### [REQUIRED ACTION]
Write out exactly the lines from the one with "如今缩写体被新一代少男少女广" through the last line of the data below, but not the pictures.

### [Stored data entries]
----

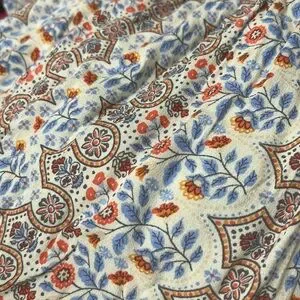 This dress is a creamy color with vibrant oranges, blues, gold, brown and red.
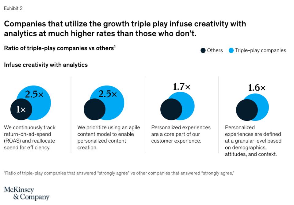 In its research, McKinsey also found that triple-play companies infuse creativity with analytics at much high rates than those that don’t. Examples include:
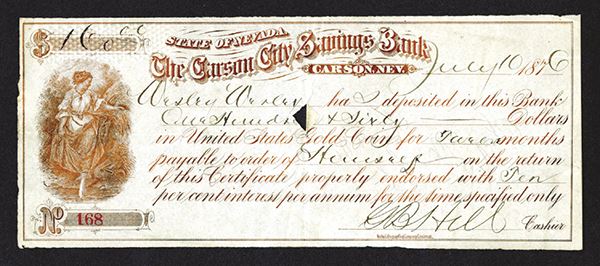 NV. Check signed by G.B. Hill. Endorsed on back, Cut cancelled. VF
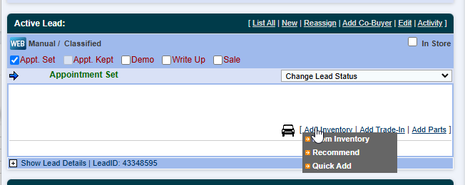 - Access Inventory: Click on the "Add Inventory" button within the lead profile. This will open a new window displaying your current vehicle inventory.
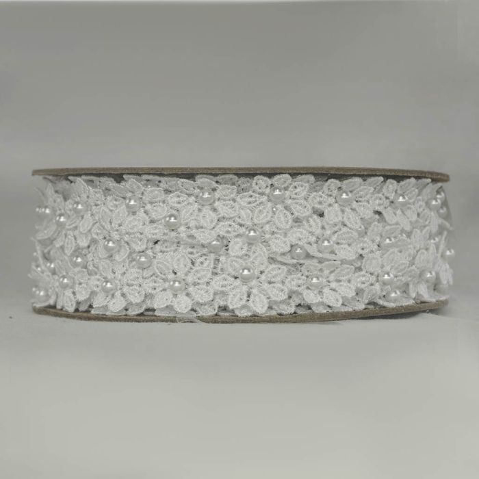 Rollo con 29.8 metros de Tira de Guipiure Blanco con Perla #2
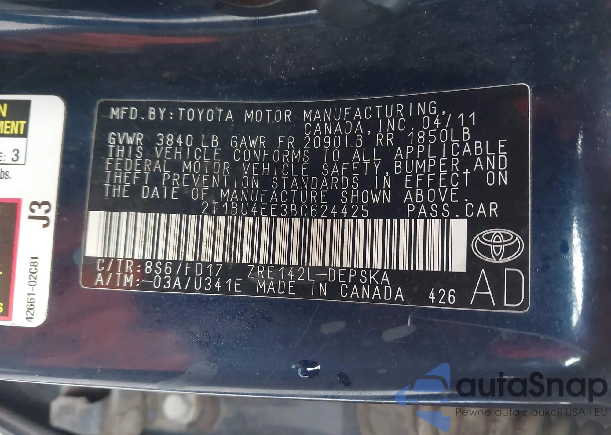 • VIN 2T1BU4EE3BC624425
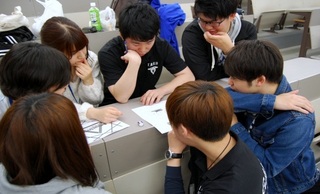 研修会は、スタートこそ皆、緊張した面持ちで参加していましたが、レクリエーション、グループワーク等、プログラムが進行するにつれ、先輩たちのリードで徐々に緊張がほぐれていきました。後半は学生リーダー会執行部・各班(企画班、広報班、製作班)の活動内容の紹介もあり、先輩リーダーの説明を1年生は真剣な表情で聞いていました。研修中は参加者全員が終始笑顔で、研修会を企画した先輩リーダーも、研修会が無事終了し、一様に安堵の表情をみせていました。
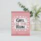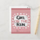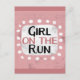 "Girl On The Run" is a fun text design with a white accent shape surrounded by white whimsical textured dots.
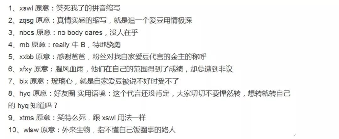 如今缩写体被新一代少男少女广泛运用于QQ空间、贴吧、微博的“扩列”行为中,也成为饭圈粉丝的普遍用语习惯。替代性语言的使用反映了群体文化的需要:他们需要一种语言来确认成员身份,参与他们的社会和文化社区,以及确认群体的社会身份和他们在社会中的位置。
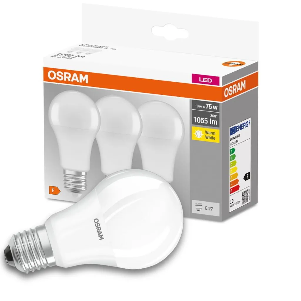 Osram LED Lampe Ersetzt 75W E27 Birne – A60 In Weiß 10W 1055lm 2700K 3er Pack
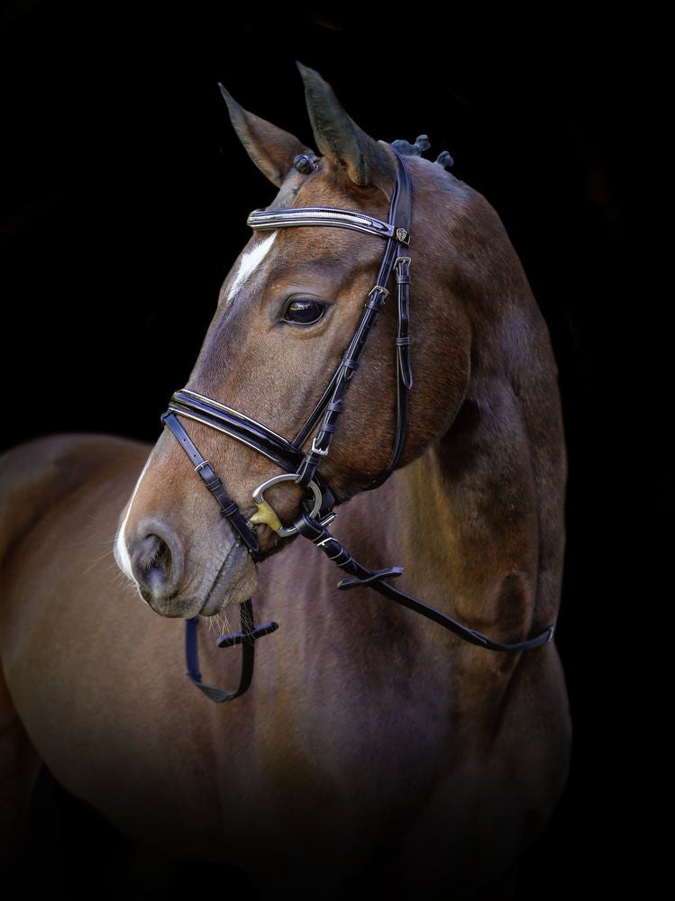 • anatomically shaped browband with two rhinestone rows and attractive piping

----

### [WRITTEN RESPONSE]
 如今缩写体被新一代少男少女广泛运用于QQ空间、贴吧、微博的“扩列”行为中,也成为饭圈粉丝的普遍用语习惯。替代性语言的使用反映了群体文化的需要:他们需要一种语言来确认成员身份,参与他们的社会和文化社区,以及确认群体的社会身份和他们在社会中的位置。
 Osram LED Lampe Ersetzt 75W E27 Birne – A60 In Weiß 10W 1055lm 2700K 3er Pack
 • anatomically shaped browband with two rhinestone rows and attractive piping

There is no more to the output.